4 open source tools compared. Sorted by stars — scroll down for our analysis.
| Tool | Stars | Velocity | Score |
|---|---|---|---|
Immich Self-hosted photo/video management | 96.5k | +537/wk | 74 |
FFmpeg Complete cross-platform solution for audio/video | 58.6k | +214/wk | 79 |
Remotion Make videos programmatically with React | 42.0k | +750/wk | 69 |
PhotoPrism AI-powered self-hosted photos app | 39.5k | +13/wk | 71 |
Immich is the self-hosted photo and video management platform that actually competes with the big players. Upload from your phone, browse on the web, search by faces, places, or objects using on-device ML. AGPL v3, TypeScript backend with a Flutter mobile app. Automatic backup from iOS/Android, facial recognition, reverse geocoding, timeline view, shared albums, and a map view. Machine learning runs locally on your server for object detection and face clustering. Self-hosting is free. Docker Compose is the recommended path; you need decent storage and ideally a GPU for faster ML, but CPU works too. Immich offers a paid license for businesses, but the software is fully functional without paying. Solo: perfect. Replace Google Photos for your personal library. Families: shared albums work great. Growing orgs: this isn't designed for enterprise photo management. Large: look at purpose-built DAM (digital asset management) solutions. The catch: Immich is pre-1.0 and the developers explicitly warn against using it as your only backup. The API and schema can change between updates. Keep your originals backed up elsewhere. ML features need real compute: 4GB RAM minimum, more for large libraries.
It's the command-line tool that powers nearly every media application you've used. YouTube, VLC, OBS, Discord, they all depend on FFmpeg. The entire project is free under LGPL/GPL (depending on which codecs you enable). No paid tier. No cloud service. No company selling premium features. This is one of the most important pieces of free software ever written, maintained by a relatively small team. There's nothing to host. It's a command-line tool you install on any machine. Every Linux distro packages it. macOS gets it via Homebrew. Windows has pre-built binaries. It runs, processes your media, and exits. Solo developers: you'll use it the moment you need to do anything with audio or video. Small teams: wrap it in a script for your media pipeline. Enterprise: you're already using it whether you know it or not. The catch: the command-line interface is notoriously complex. The man page is a novel. Simple things are simple (`ffmpeg -i input.mp4 output.avi`) but anything beyond basic conversion requires reading docs or StackOverflow. The learning curve is the only real barrier, and it's steep.

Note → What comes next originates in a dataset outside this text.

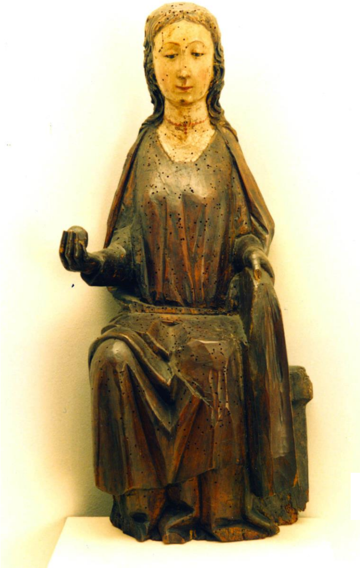
Fig. 21 Virgen y Niño. MNAD.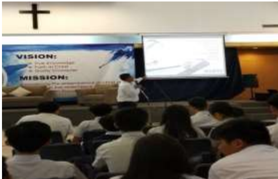
Gambar 1.1 Penjelasan materi pertolongan pertama ( first aid ) & tanya jawab lisan

Setelah materi disampaikan, acara dilanjutkan dengan praktik secara langsung mengenai bagaimana cara melakukan Bantuan Hidup Dasar (BHD) “ Hands-only CPR ” dan cara menggunakan elastic perban pada kondisi sprain dan strain selama 40 menit. Peserta dibagi menjadi 10 kelompok kecil yang didalamnya terdapat masing-masing satu orang fasilitator. Dari 10 kelompok tersebut, dibagi lagi menjadi lima kelompok belajar dan latihan melakukan BHD dan lima kelompok belajar dan latihan mengenai penggunaan elastis verband pada kasus strain dan sprain. Setelah 20 menit belajar dan latihan, masing-masing kelompok akan bertukar tempat, sehingga semua peserta akan mendapatkan dua keterampilan yaitu bagaimana cara melakukan BHD “ Hands-only CPR ” dan penggunaan elastis verband.

Remotion lets you write video content as React components and render them to MP4, perfect for data-driven animations and personalized video at scale. Instead of After Effects templates, you write JSX. The idea is wild and it works: your video is a React component, each frame is a render, and Remotion stitches them into video using FFmpeg. You can use any React library: charts, maps, 3D with Three.js, and it becomes video. The core Remotion player and composition tools are free. Rendering to video requires a license for companies with revenue above $100K/yr. Remotion Lambda (serverless rendering on AWS) is a separate paid product. Individual and small-revenue companies can use it free. The catch: rendering is slow and compute-heavy. A 60-second video can take minutes to render locally. Remotion Lambda speeds this up but adds AWS costs. The license model is unusual: it's free below a revenue threshold, then you pay. Check their pricing page carefully. And if you just need simple video editing (trim, concatenate, add text), FFmpeg with a wrapper is way simpler.
PhotoPrism gives you automatic face recognition, location mapping, and AI-powered search across your photo library without sending your photos to anyone's cloud. Point it at a folder of images, and it indexes everything with object detection, color analysis, and GPS data. This is the most popular self-hosted photo management tool. It handles RAW files, videos, live photos, and generates thumbnails automatically. The search is good: type "beach" and it finds your beach photos without you tagging anything. The Community Edition is free. PhotoPrism Essentials ($3.99/mo) and PhotoPrism Plus ($7.99/mo) add features like enhanced video support, premium themes, and priority access to new features. The AI features (face recognition, search) are in the free tier. The catch: self-hosting PhotoPrism is not trivial. It needs Docker, a database (MariaDB recommended), and decent hardware for the AI indexing; a Raspberry Pi 4 works but initial indexing of a large library will take days. RAM usage is real: 4GB minimum, 8GB+ recommended for large libraries. And the license is AGPL-adjacent (custom); check terms carefully if you're building a product on top of it.